Extracted records
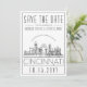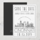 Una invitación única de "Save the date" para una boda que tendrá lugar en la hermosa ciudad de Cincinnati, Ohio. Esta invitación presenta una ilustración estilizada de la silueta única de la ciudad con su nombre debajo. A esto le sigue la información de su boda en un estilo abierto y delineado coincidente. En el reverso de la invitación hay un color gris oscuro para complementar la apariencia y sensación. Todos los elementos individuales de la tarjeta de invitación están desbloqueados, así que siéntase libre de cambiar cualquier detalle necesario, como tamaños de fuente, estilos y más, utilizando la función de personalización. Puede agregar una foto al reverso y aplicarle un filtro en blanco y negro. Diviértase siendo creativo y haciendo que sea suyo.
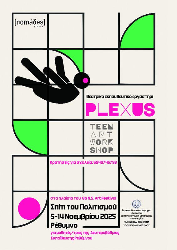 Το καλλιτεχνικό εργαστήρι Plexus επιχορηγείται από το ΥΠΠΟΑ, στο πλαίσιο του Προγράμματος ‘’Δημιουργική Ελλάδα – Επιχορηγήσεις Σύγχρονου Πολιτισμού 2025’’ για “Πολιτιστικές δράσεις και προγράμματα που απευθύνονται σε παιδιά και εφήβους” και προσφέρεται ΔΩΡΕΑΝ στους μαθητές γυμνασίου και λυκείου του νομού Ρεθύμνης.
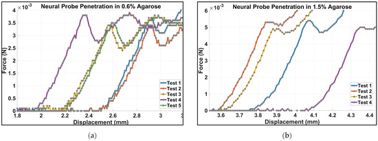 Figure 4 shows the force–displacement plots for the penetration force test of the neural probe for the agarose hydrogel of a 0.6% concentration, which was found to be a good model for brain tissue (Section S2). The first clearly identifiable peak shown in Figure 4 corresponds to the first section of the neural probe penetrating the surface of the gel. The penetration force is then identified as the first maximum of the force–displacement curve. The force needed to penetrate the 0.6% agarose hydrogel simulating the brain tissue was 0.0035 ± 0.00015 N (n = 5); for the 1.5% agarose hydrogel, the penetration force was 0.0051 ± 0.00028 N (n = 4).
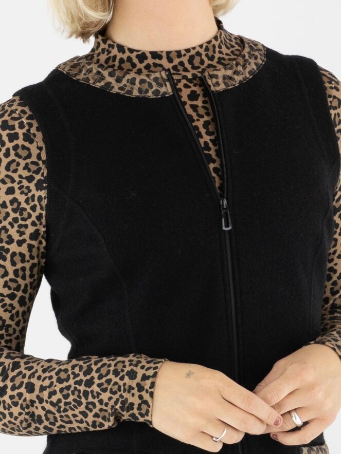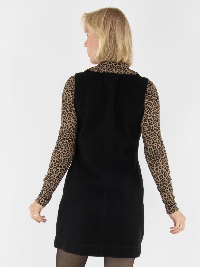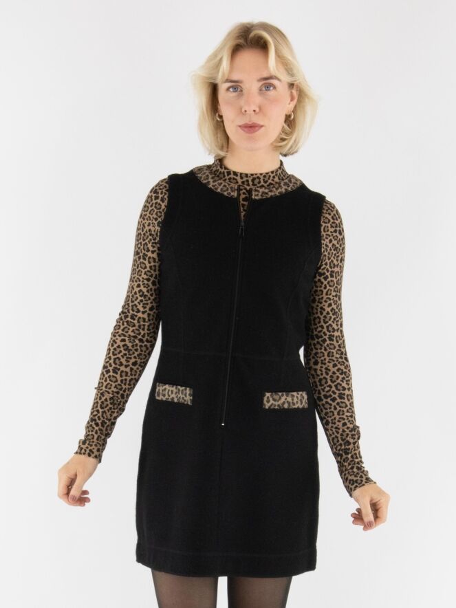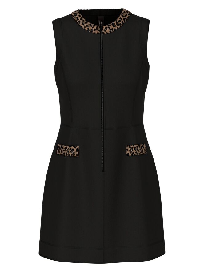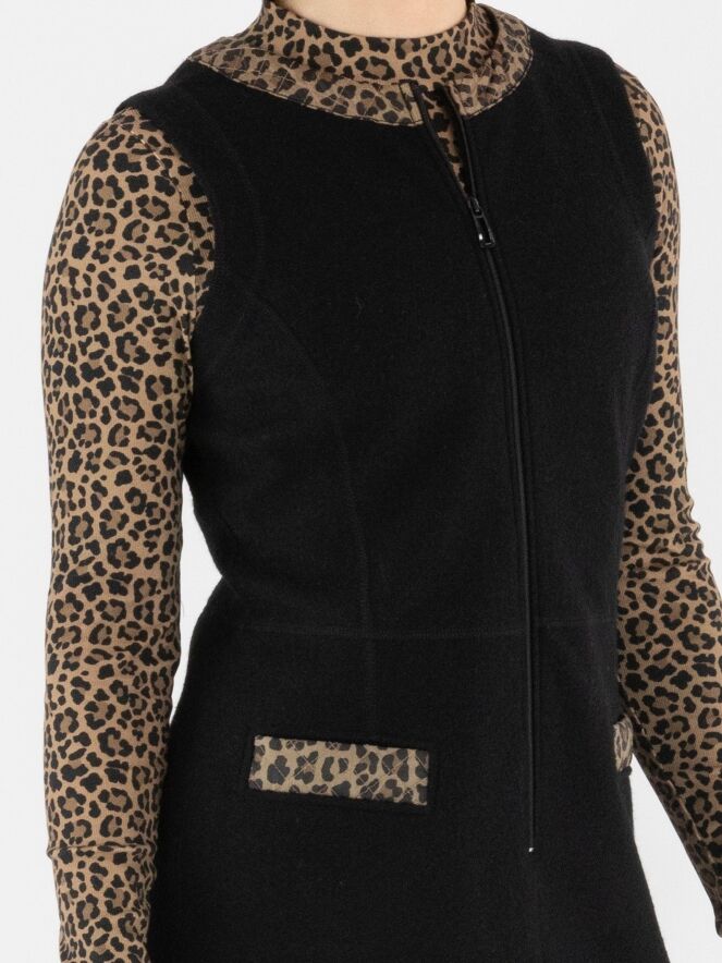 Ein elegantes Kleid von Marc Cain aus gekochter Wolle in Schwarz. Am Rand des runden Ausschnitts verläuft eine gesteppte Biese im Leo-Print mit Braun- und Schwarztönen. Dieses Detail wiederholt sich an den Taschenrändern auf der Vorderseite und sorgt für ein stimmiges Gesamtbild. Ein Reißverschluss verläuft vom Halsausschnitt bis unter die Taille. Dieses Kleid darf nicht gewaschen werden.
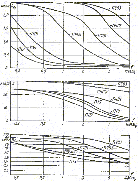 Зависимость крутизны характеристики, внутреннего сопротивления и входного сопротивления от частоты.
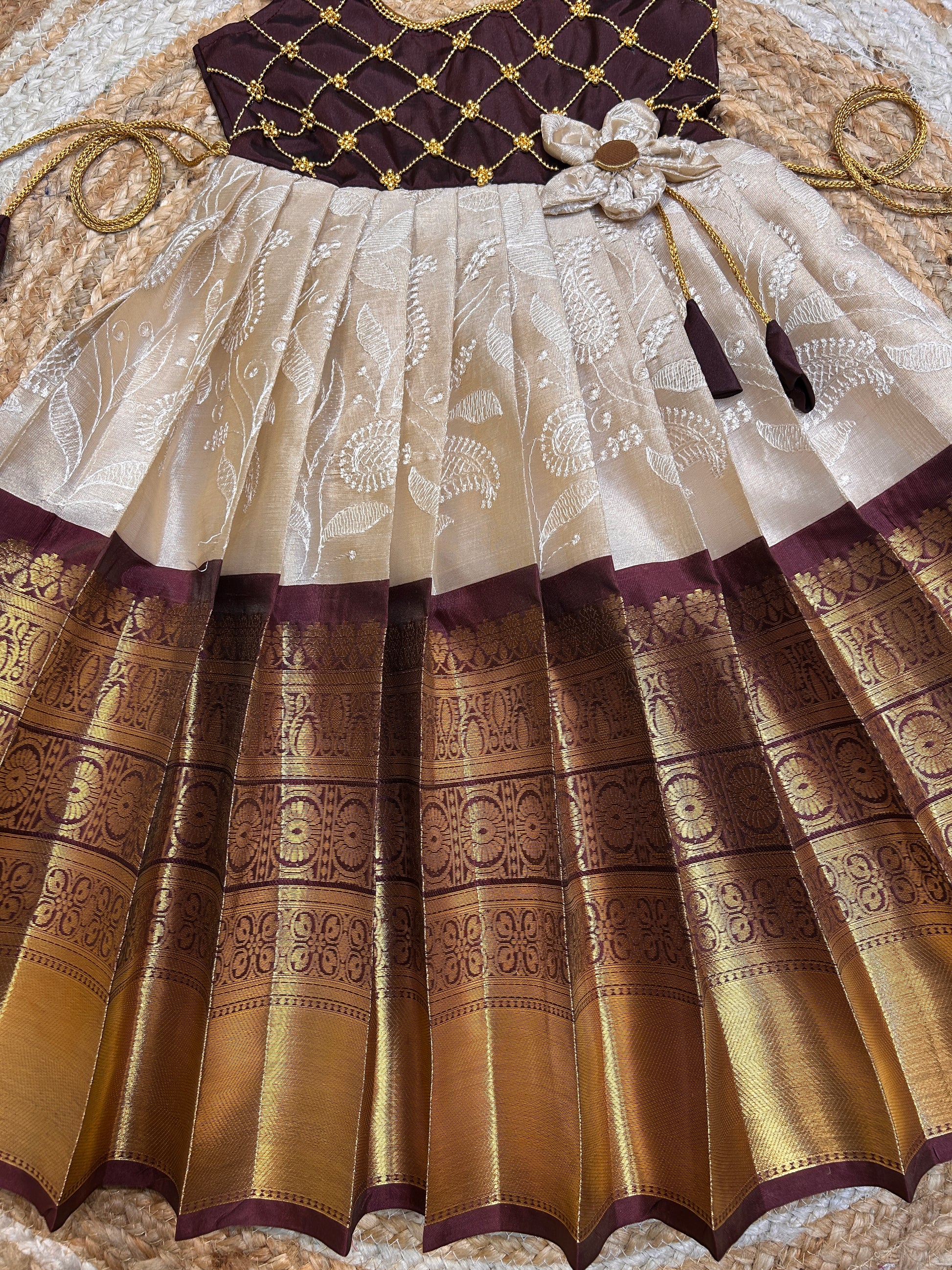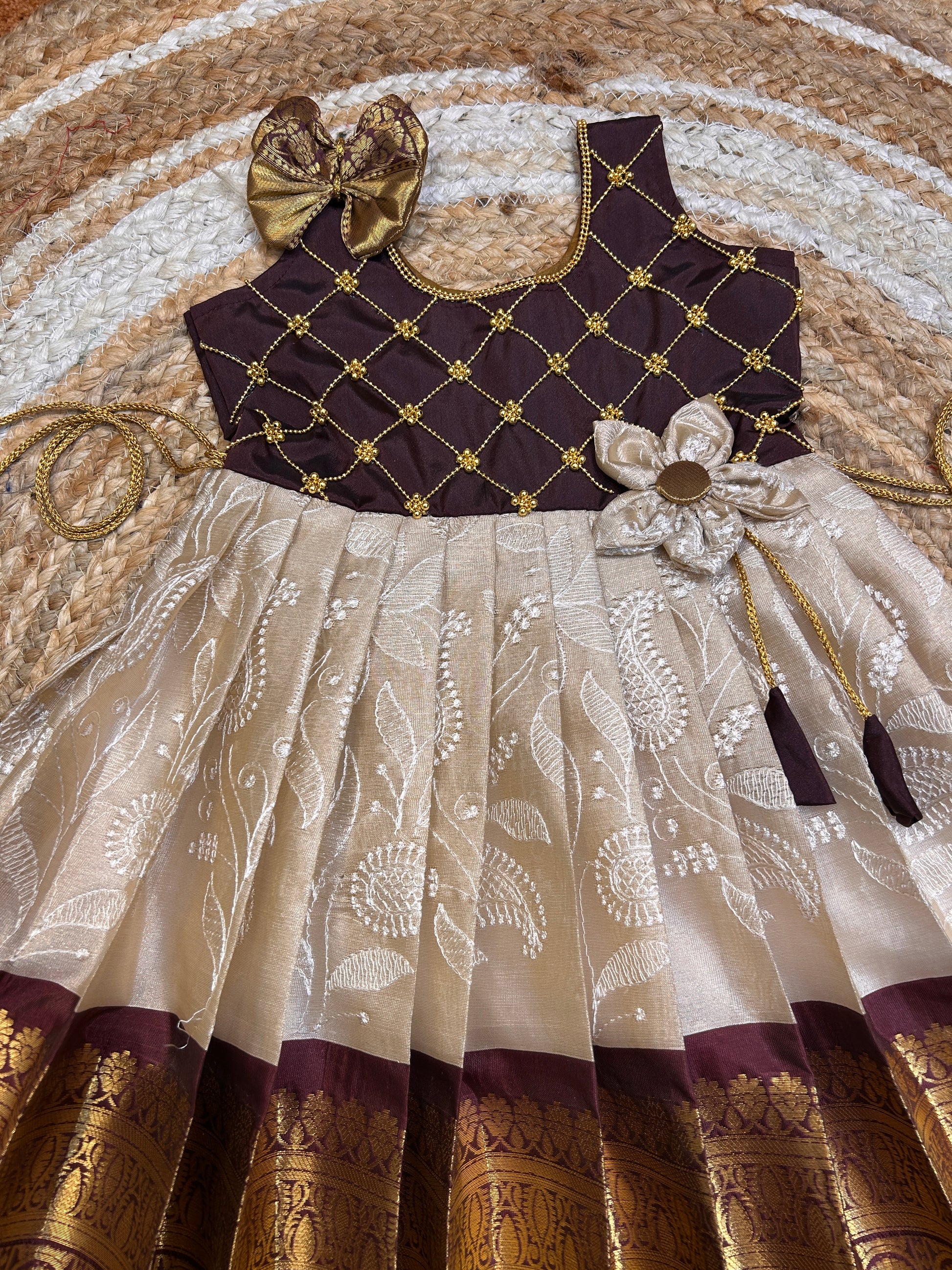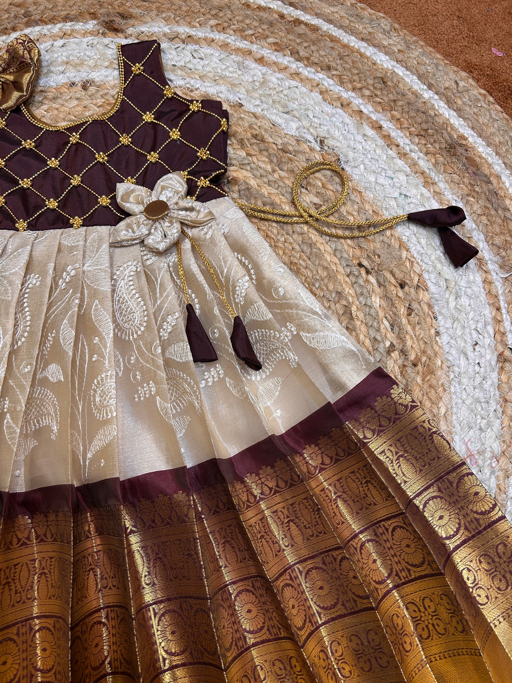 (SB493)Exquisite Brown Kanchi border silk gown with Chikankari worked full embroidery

...

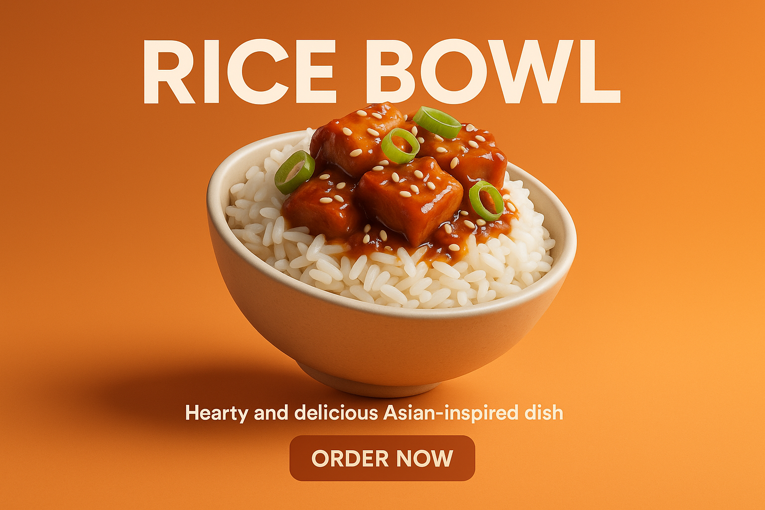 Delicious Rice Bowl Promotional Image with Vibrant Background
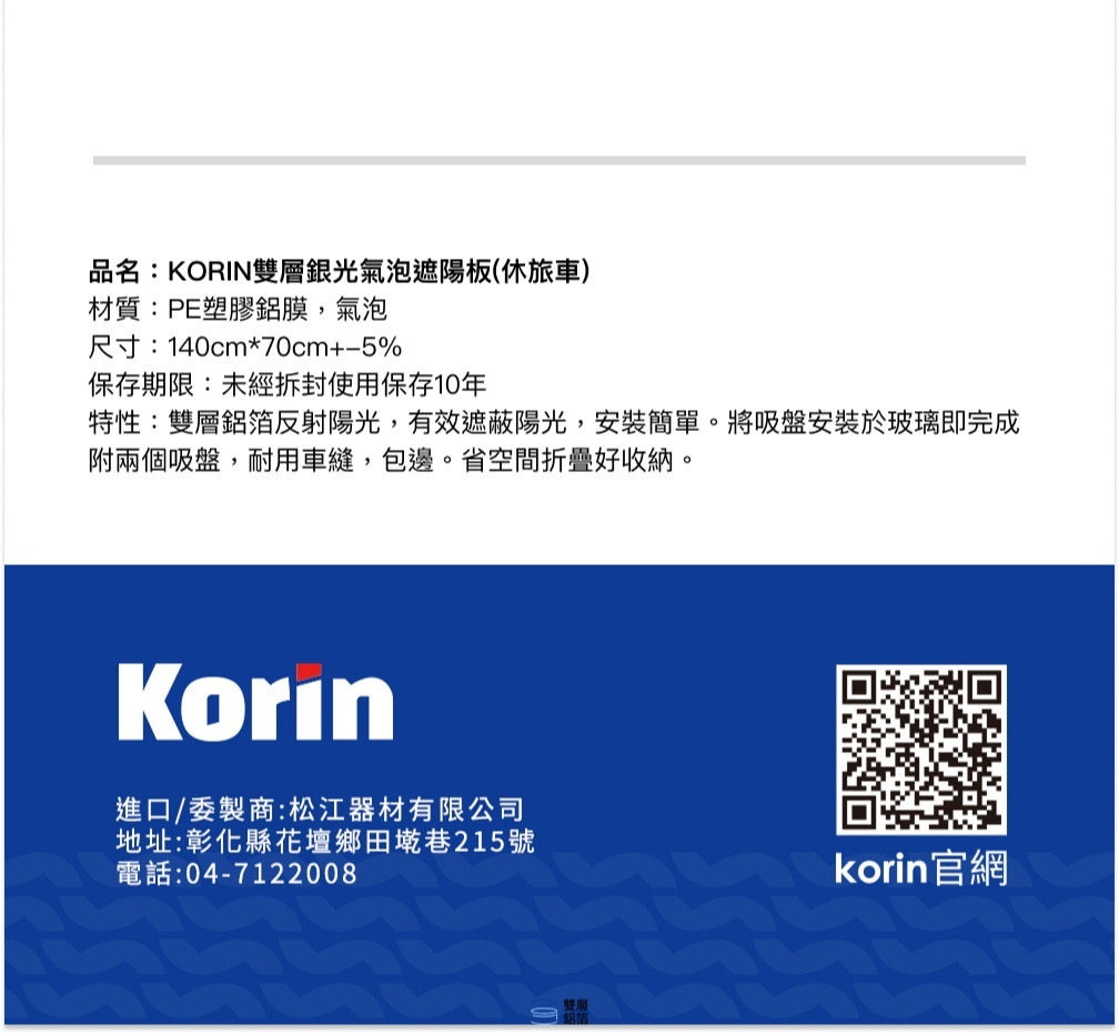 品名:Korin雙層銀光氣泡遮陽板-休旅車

The problem
From the records above, return exactly the lines running from the one that contains "Зависимость крутизны характеристики, внутреннего" down to the one that contains "(SB493)Exquisite Brown Kanchi", both included, without any pictures.

Solution to the exercise
 Зависимость крутизны характеристики, внутреннего сопротивления и входного сопротивления от частоты.
 (SB493)Exquisite Brown Kanchi border silk gown with Chikankari worked full embroidery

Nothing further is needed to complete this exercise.